24 January 2012, Sweetcrude, PARIS – Paris-based International Energy Agency (IEA) says three factors could combine to force down global oil demand in 2012.
The international energy watchdog, which listed these to include high oil prices, mild weather and a likelihood of a global recession, noted in its latest monthly report that “oil demand is falling for the first time since the global economic crisis of 2008-2009”.
The IEA also noted that although worries about disruptions to Iranian oil exports have supported prices, consumption fell in the last quarter of 2011 year-on-year due to mild winter weather in the northern hemisphere and the overriding fears about an impending recession in the euro zone.
The IEA cut its global oil demand estimates as the threat of the euro zone debt crisis and restricted private sector credit remained.
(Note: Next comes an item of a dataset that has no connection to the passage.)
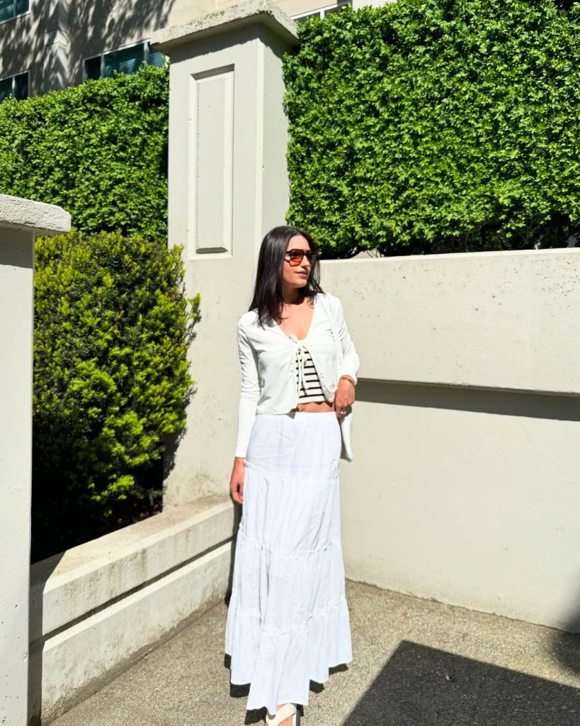 Soft knit layers and crisp white trousers create a look that feels gentle, fresh, and quietly confident.
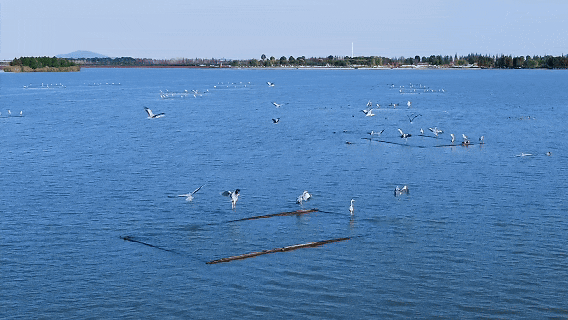 远自西伯利亚的候鸟如约而至,这群翩然的身影,为这片水域注入了灵动与诗意。

The agency also reduced its 2012 demand growth forecast by 220,000 barrels per day from its previous monthly report to 1.1 million barrels.
Further downgrades to global GDP estimates will trigger cuts in estimates of global oil consumption, it said, adding that a one-third cut to GDP growth would see this year’s oil consumption unchanged at 2011 levels.
“This alternative scenario is based upon the very real possibility that Europe’s current financial and economic woes – with many nations already bogged down in the early stages of recession – remain unsolved, spilling over into significantly lower growth elsewhere,” it said.
Tensions with Iran over its nuclear programme, together with worries about Nigerian and Iraqi supplies, have helped keep prices above $100 a barrel.